3 ATechGuy 6 8/20/2025, 9:50:10 PM
I'm working on a service for FOSS developers to help enforce code license compliance and make projects more sustainable.

The challenge: many websites' Terms of Service explicitly prohibit scraping, crawling, or automation. At the same time, the information needed (repos, dependencies, metadata) is often available only through those sites.

For those who've built tools around open source ecosystems:

* How do you navigate ToS restrictions while still delivering value to users?

* Do you focus on official APIs only, even if they're limited?

* Are there established legal/technical best practices for this situation?

* How to balance compliance with ToS and the mission of supporting FOSS?

Curious to hear what others have done (or seen work) in this space.

Comments (6)

like_any_other · 3h ago
The law around scraping is unfortunately complex, but it's plausible your use of it (legal compliance) could be legal regardless of ToS ("you're not allowed to use automated tools to check if we're breaking your license" is quite fishy):

https://legalclarity.org/is-web-scraping-legal-a-look-at-the...

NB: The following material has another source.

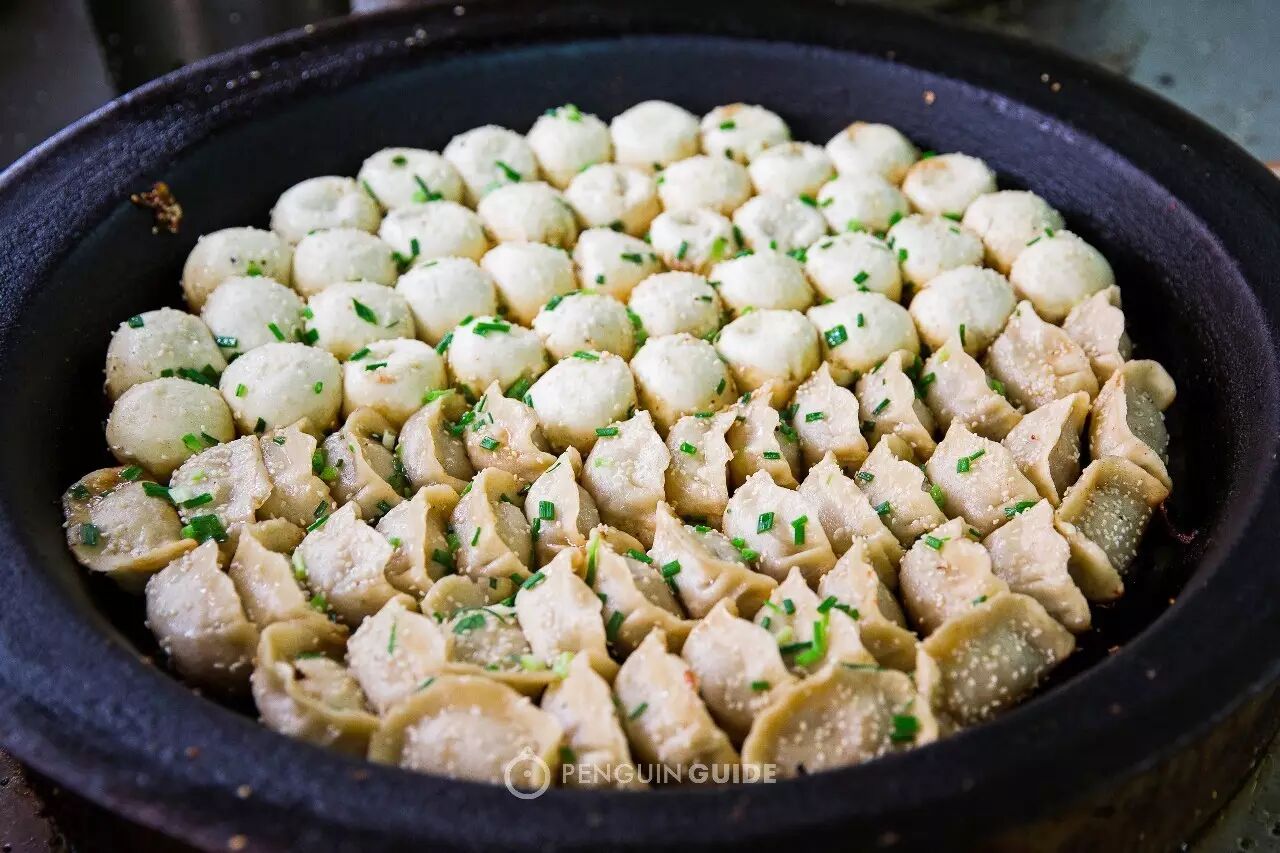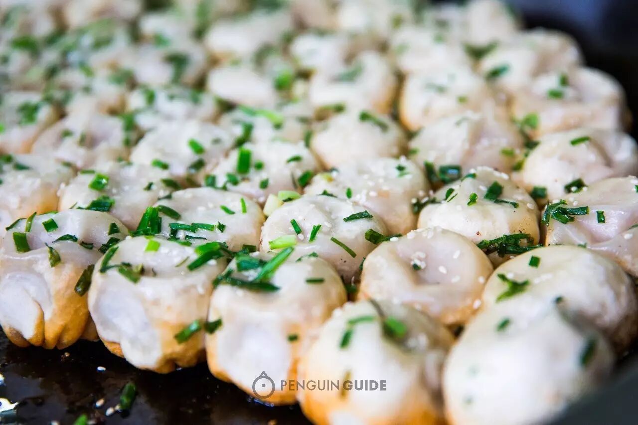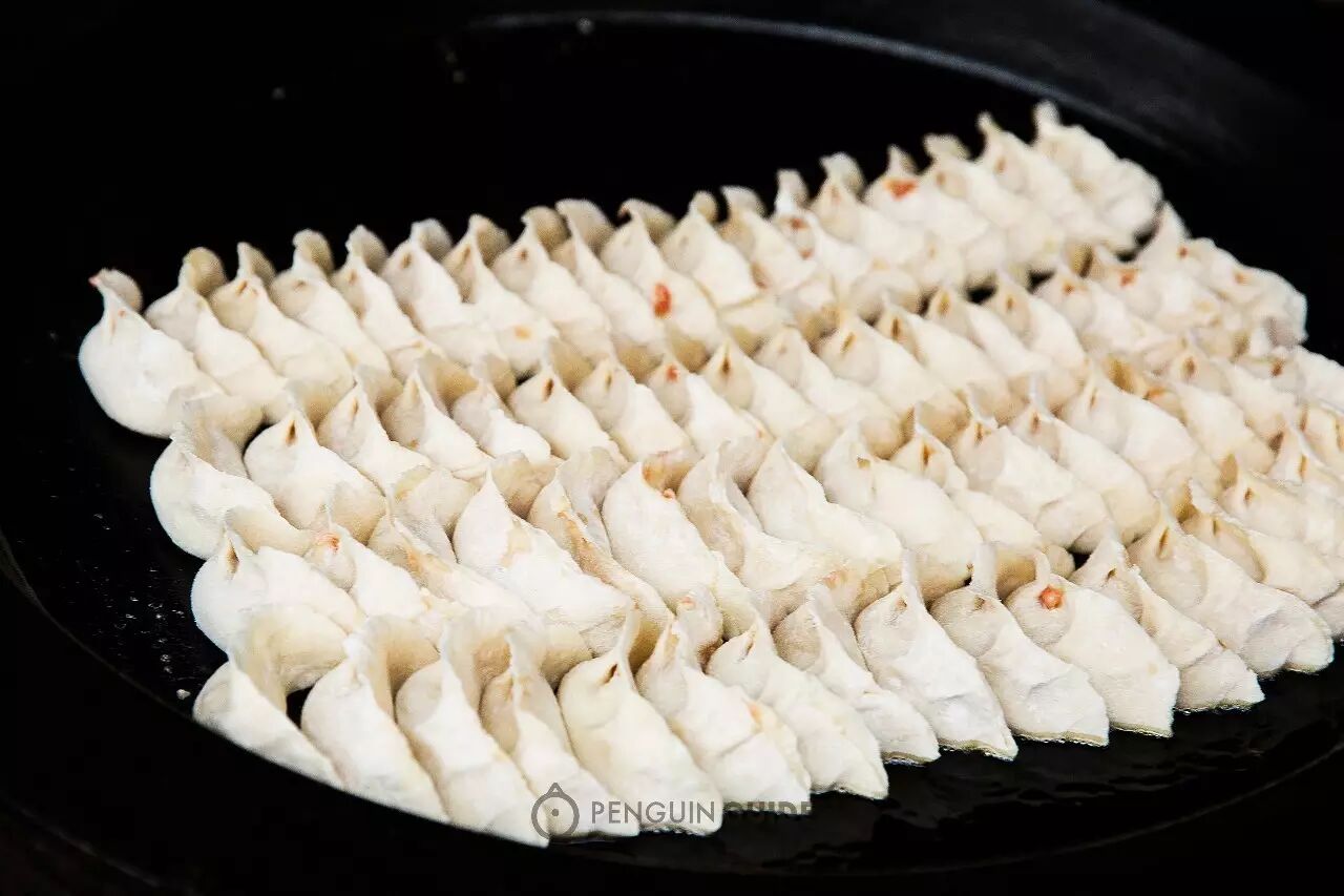 锅贴全国各地都不少,但你也很容易栽进陷阱。比如,锅贴只有不发酵的死皮,用开水和面擀成。如果看到生煎锅贴一块儿煎,多半不用尝试了: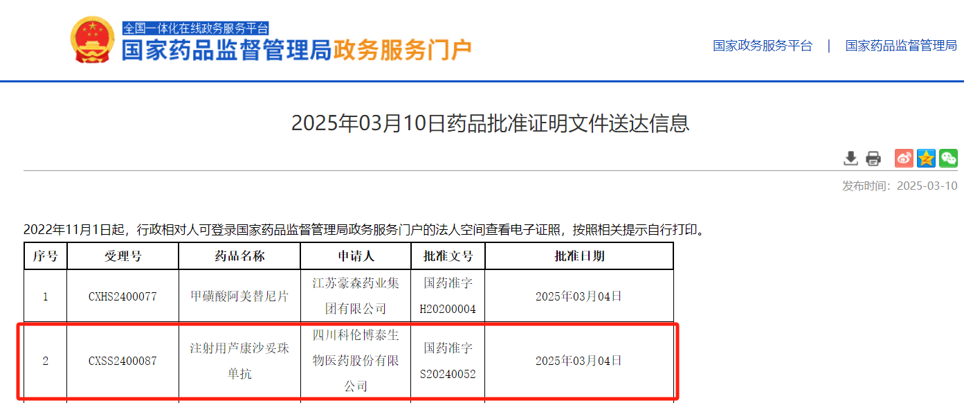 On March 10, 2025,Sichuan Kelun-Biotech announced that the Company’s trophoblast cell-surface antigen 2 (TROP2)-directed antibody-drug conjugate (ADC) sacituzumab tirumotecan (sac-TMT, formerly SKB264/MK-2870) was approved for marketing by the National Medical Products Administration (NMPA) for the second indication which is for the treatment of adult patients with epidermal growth factor receptor (EGFR) mutant-positive locally advanced or metastatic non-squamous non-small cell lung cancer (NSCLC) following progression on EGFR-tyrosine kinase inhibitor (TKI) therapy and platinum-based chemotherapy. This is the first TROP2 ADC drug approved for marketing in lung cancer globally. Compared with current standard of care, sac-TMT significantly extents the overall survival benefits of these patients.

https://en.wikipedia.org/wiki/HiQ_Labs_v._LinkedIn

Or you could base your business in Denmark: https://en.wikipedia.org/wiki/Web_scraping#European_Union

ATechGuy · 3h ago
Thanks for sharing the links! You're right, the legality around scraping is nuanced :( Use cases like license compliance might fall on the defensible side.
toomuchtodo · 3h ago
I’m unsure what your jurisdiction is, but if you’re in the US, speak with an attorney and get an attorney opinion letter. You’ll at least be able to demonstrate that you were acting in good faith.
ATechGuy · 3h ago
Thanks!
bigyabai · 3h ago
You're making a business, right? Pay for official API access.
ATechGuy · 3h ago
Right now the cost is a blocker (I'm bootstrapped, no funding yet). On top of that, sometimes official APIs either don't exist or don't expose the full dataset needed for license checks, which makes things tricky.